Eindrücke vom
Hauptausschuss 2024
Mitteilungen - Bauen und Vergabe
StGB NRW-Mitteilung 484/2021 vom 18.08.2021
Vergaberecht: EU-Kommission führt Vertragsverletzungsverfahren gegen Deutschland fort
Die EU-Kommission hat am 15. Juli 2021 beschlossen, Deutschland eine mit Gründen versehene Stellungnahme zu übermitteln, um die ordnungsgemäße Umsetzung der Richtlinien über die Vergabe öffentlicher Aufträge und über Konzessionen (2014/24/EU, 2014/25/EU & 2014/23/EU) sicherzustellen.
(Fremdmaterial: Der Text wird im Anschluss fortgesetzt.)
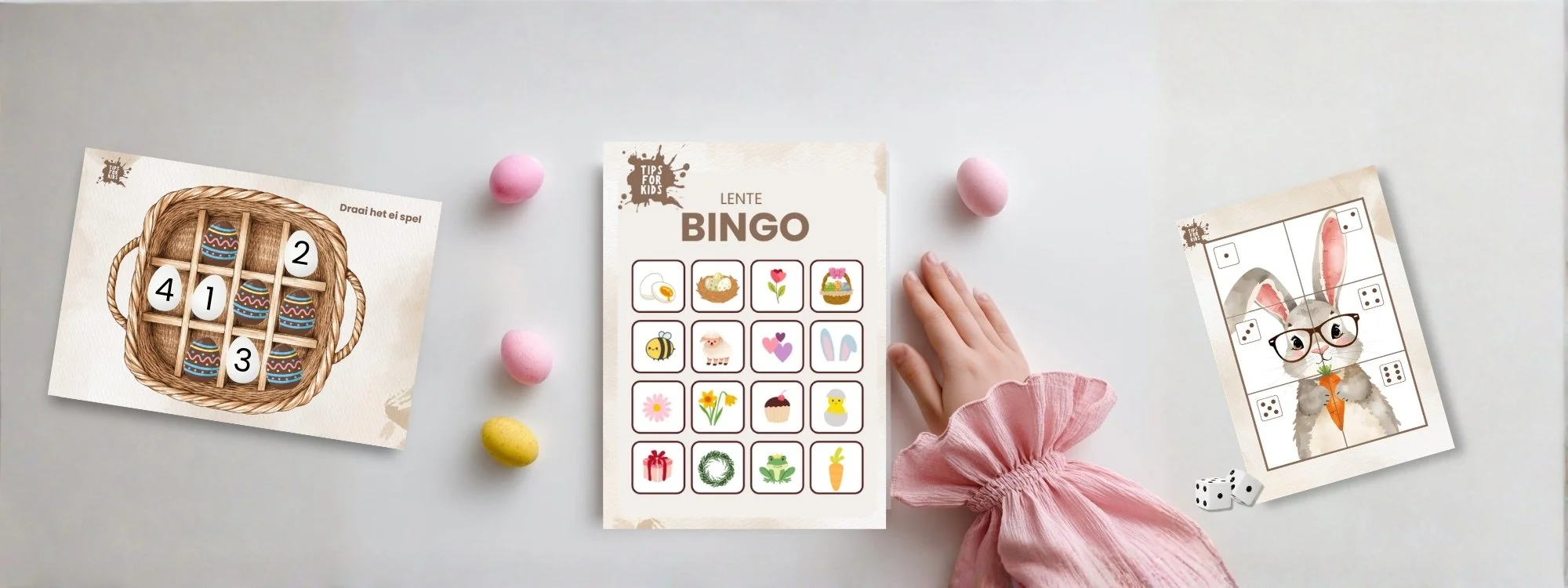 Pasen is het moment om met je kinderen aan de slag te gaan. Knutselen met Pasen hoeft niet ingewikkeld te zijn. Hier vind je makkelijke paasknutsels, een leuke paasbingo, een dobbelspel en gratis template voor een originele paastraktatie. Fijne Pasen!

Gemäß den EU-Vorschriften über das öffentliche Beschaffungswesen sind öffentliche Aufträge oberhalb eines bestimmten Schwellenwertes unter Beachtung der Grundsätze der Transparenz, der Gleichbehandlung und der Nichtdiskriminierung öffentlich auszuschreiben. Die Analyse der Kommission hat ergeben, dass mehrere Bestimmungen der deutschen Rechtsvorschriften nicht mit den Richtlinien vereinbar sind. Die Kommission verweist insbesondere auf drei Problempunkte: die Berechnung von Architektenleistungen, die Befreiung von Rettungsdiensten von den Vergabevorschriften und die fehlende Begriffsbestimmung von „Postdiensten“. Deutschland hat nun zwei Monate Zeit, um zu den Argumenten der Kommission Stellung zu nehmen und die notwendigen Maßnahmen zu ergreifen. Anderenfalls kann die Kommission beim Gerichtshof der Europäischen Union Klage gegen Deutschland einreichen.
Anmerkung
Insbesondere die Stellungnahme der EU-Kommission zu der von ihr verlangten Addition von verschiedenen Planungsleistungen ist für die Städte und Gemeinden höchst relevant. Sollte sich die Auffassung der EU-Kommission auch beim Europäischen Gerichtshof bestätigen, müssten Städte und Gemeinden unterschiedliche Planungsleistungen, also etwa die von Architekten durchgeführte Objektplanung für einen Kindergarten, gemeinsam mit der von Ingenieuren geleisteten Ausführungsplanung für die jeweilige Auftragswertberechnung addieren. Folge wäre, dass etwa ein Bauvorhaben (Beispiel: Kindergarten) mit einem Auftragswert von nur ca. zwei Millionen Euro zwar nicht nach der VOB/A, aber im Hinblick auf die dem Bau vorgeschalteten Planungsleistungen, europaweit auszuschreiben wäre. Die kommunalen Spitzenverbände haben sich stets gegen diese Auffassung der Kommission gewandt.